** Source data follows **

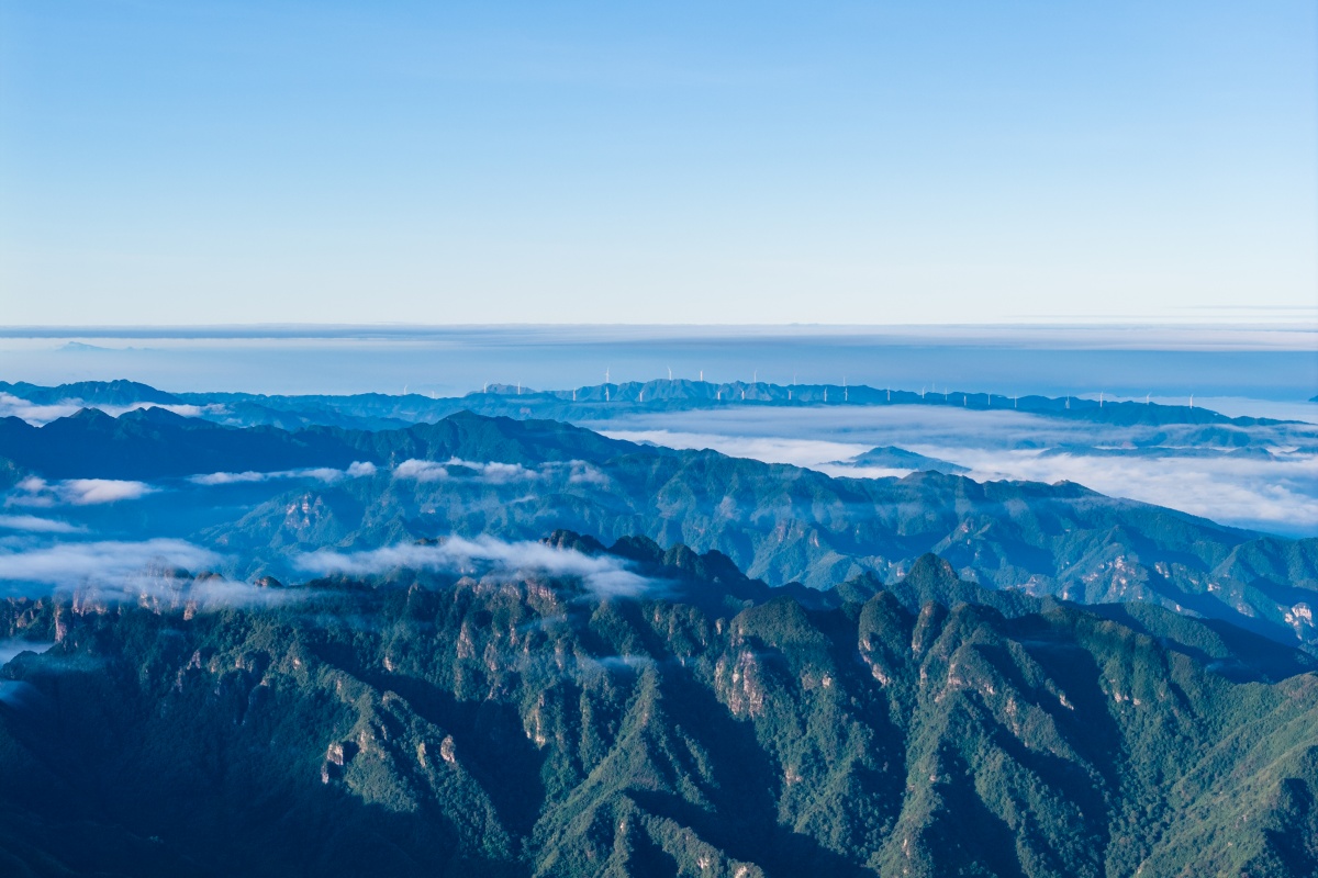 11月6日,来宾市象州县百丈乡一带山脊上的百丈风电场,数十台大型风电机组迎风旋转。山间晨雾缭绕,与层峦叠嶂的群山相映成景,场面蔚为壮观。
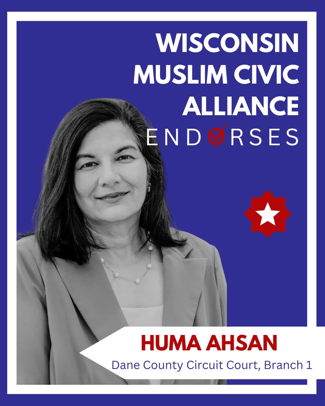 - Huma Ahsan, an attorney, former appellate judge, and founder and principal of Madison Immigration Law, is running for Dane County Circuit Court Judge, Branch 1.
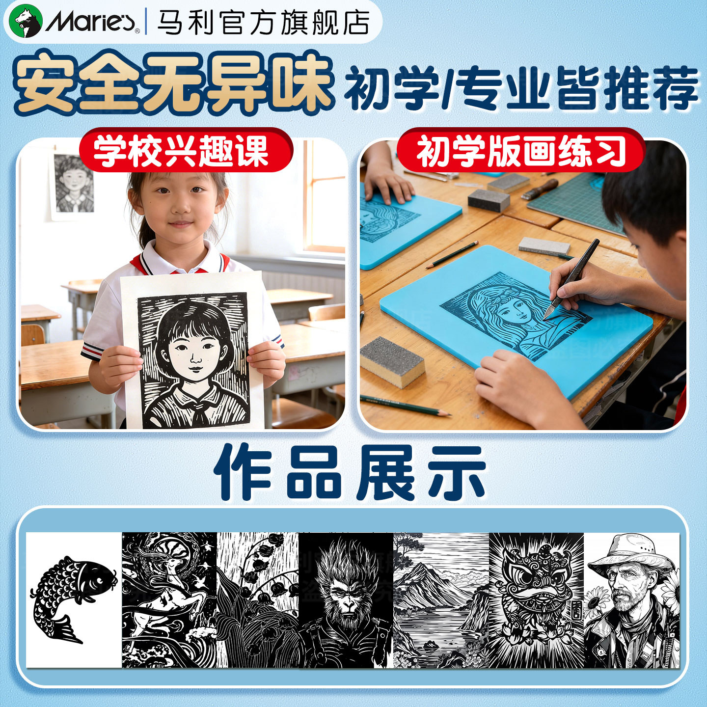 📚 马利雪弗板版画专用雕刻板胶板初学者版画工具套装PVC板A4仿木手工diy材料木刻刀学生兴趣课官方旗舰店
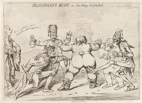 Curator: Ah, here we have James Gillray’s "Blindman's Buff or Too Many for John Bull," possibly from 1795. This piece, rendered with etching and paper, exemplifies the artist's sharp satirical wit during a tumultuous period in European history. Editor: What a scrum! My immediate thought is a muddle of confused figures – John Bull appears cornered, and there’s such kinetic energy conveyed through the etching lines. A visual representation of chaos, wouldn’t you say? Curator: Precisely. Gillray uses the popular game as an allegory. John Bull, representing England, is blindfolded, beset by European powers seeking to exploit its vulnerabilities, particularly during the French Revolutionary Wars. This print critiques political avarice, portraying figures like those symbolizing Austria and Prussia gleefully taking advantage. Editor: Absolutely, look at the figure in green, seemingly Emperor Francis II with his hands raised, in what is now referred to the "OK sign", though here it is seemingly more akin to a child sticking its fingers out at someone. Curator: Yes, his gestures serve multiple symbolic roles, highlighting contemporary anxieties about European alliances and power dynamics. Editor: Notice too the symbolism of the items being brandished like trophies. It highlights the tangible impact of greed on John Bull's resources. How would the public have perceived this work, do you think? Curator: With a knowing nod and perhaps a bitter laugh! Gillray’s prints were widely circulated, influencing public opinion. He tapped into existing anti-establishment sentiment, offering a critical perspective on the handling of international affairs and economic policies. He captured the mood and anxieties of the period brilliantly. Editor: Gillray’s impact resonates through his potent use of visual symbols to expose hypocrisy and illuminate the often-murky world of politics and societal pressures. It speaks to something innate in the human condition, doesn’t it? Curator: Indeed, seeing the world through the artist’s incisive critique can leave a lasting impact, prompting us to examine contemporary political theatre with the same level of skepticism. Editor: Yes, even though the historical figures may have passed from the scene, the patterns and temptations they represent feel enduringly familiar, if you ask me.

** End of Source data **

● Your instructions
You are asked to reproduce each line above exactly, but to exclude the pictures.

● Reply to the exercise
 11月6日,来宾市象州县百丈乡一带山脊上的百丈风电场,数十台大型风电机组迎风旋转。山间晨雾缭绕,与层峦叠嶂的群山相映成景,场面蔚为壮观。
 - Huma Ahsan, an attorney, former appellate judge, and founder and principal of Madison Immigration Law, is running for Dane County Circuit Court Judge, Branch 1.
 📚 马利雪弗板版画专用雕刻板胶板初学者版画工具套装PVC板A4仿木手工diy材料木刻刀学生兴趣课官方旗舰店
 Curator: Ah, here we have James Gillray’s "Blindman's Buff or Too Many for John Bull," possibly from 1795. This piece, rendered with etching and paper, exemplifies the artist's sharp satirical wit during a tumultuous period in European history. Editor: What a scrum! My immediate thought is a muddle of confused figures – John Bull appears cornered, and there’s such kinetic energy conveyed through the etching lines. A visual representation of chaos, wouldn’t you say? Curator: Precisely. Gillray uses the popular game as an allegory. John Bull, representing England, is blindfolded, beset by European powers seeking to exploit its vulnerabilities, particularly during the French Revolutionary Wars. This print critiques political avarice, portraying figures like those symbolizing Austria and Prussia gleefully taking advantage. Editor: Absolutely, look at the figure in green, seemingly Emperor Francis II with his hands raised, in what is now referred to the "OK sign", though here it is seemingly more akin to a child sticking its fingers out at someone. Curator: Yes, his gestures serve multiple symbolic roles, highlighting contemporary anxieties about European alliances and power dynamics. Editor: Notice too the symbolism of the items being brandished like trophies. It highlights the tangible impact of greed on John Bull's resources. How would the public have perceived this work, do you think? Curator: With a knowing nod and perhaps a bitter laugh! Gillray’s prints were widely circulated, influencing public opinion. He tapped into existing anti-establishment sentiment, offering a critical perspective on the handling of international affairs and economic policies. He captured the mood and anxieties of the period brilliantly. Editor: Gillray’s impact resonates through his potent use of visual symbols to expose hypocrisy and illuminate the often-murky world of politics and societal pressures. It speaks to something innate in the human condition, doesn’t it? Curator: Indeed, seeing the world through the artist’s incisive critique can leave a lasting impact, prompting us to examine contemporary political theatre with the same level of skepticism. Editor: Yes, even though the historical figures may have passed from the scene, the patterns and temptations they represent feel enduringly familiar, if you ask me.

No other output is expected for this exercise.